5.4. Overall Comparisons (RQ1)

We present the overall performance comparison with relevant state-of-the-art baselines in Table 2. From Table 2, we can easily conclude the superiority of SPMRec in providing sequential recommendations in various datasets and achieving not only better performance but also more diversity. We have several observations to conclude as follows:

•

SPMRec achieves the best performance and diversity, and outperforms SASRec with large improvement margins. In most performance metrics and all datasets, SPMRec significantly outperforms the second-best baseline with 0.52% to 12.33% in ranking performance and 4.71% to 14.41% in diversity. The improvements demonstrate the effectiveness of SPMRec in the sequential recommendation, while the recommendation diversity is also noticeably improved. Furthermore, as SPMRec is built on top of the original implementation of SASRec (Kang and McAuley, 2018), we observe 6.92% to 22.53% relative improvements over SASRec. We argue that the improvements originate from the singular spectrum smoothings on both sequence and item sides.
•

SPMRec can achieve better balance between recommendation quality and diversity. Comparing the diversity of SPMRec and baselines, we can observe that SPMRec consistently achieves better diversity results while having better performances, indicating the better capability of SPMRec in balancing the recommendation quality and diversity.
•

SPMRec achieves performance larger improvements in sparser datasets. Comparing SPMRec and SASRec, we can observe at least 17% improvements in both Beauty and Tools categories datasets, which have lower densities of 0.05% and 0.07%, respectively. The recommendation diversity is also significantly improved, especially for tools with a 14.43% improvement. However, in Toys and Office datasets with higher densities of 0.08% and 0.44%, the improvements are at most 14%. This observation demonstrates that the proposed singular spectrum smoothing SPMRec benefits sparser datasets, especially for datasets with a large portion of short sequences.
•

The consideration of Frobenius norm benefits the recommendation and diversity. STOSA adopts the sum of two L2 distances on mean and covariance embeddings and DuoRec utilizes the uniformity loss based on the exponential L2 distance. We can observe that STOSA and DuoRec both outperform the dot-product-based SASRec framework in recommendation quality and diversity. This observation further demonstrates the need to consider the Frobenius norm in embedding learning. Moreover, SPMRec performs better than STOSA and DuoRec, demonstrating the necessity of considering the regularization from the singular spectrum perspective.

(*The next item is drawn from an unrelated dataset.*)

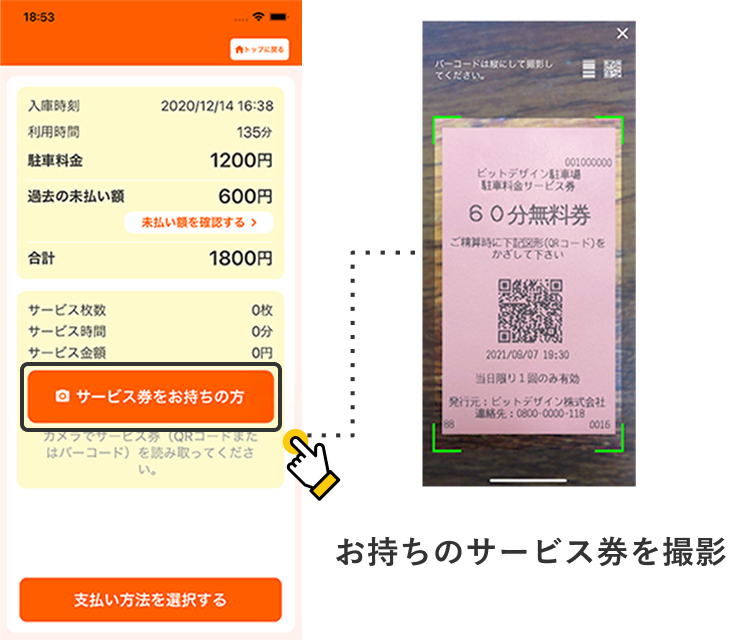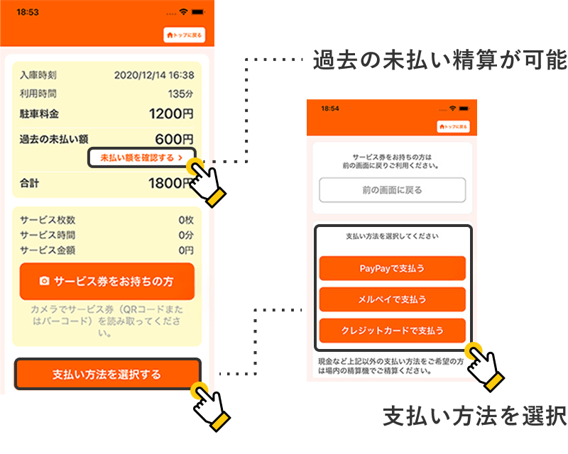 - 過去に支払いの駐車料金がある場合に、検索結果に未精算データが表示されます。

5.5. Diversity and Item Smoothing $\mathcal{L}_{\text{item}}$ (RQ2)

Item Spectrum Smoothing controlled by $\beta$ is closely related to the recommendation diversity. We demonstrate a strong connection between our item spectrum smoothing and the recommendation diversity by showing the relationship of $\beta$ and the diversity, as shown in Fig. (4). In Fig. (4), the x-axis denotes the value of $\beta$ . As the $\beta$ becomes larger, we can observe that the diversity consistently increases, in all four datasets, demonstrating the strong connection between the recommendation diversity and our proposed item spectrum smoothing component.

Moreover, the recommendation performance drops when we demand too high recommendation diversity. Another observation is that the NDCG@10 drops significantly when we set $\beta$ to a too-large value, which also indicates a higher diversity. This observation demonstrates that a proper selection of $\beta$ can achieve satisfactory recommendation performance and diversity simultaneously. However, demanding higher diversity can hurt the recommendation performance.

Table 3. Performance Comparison Table for various methods to alleviate degeneration issues.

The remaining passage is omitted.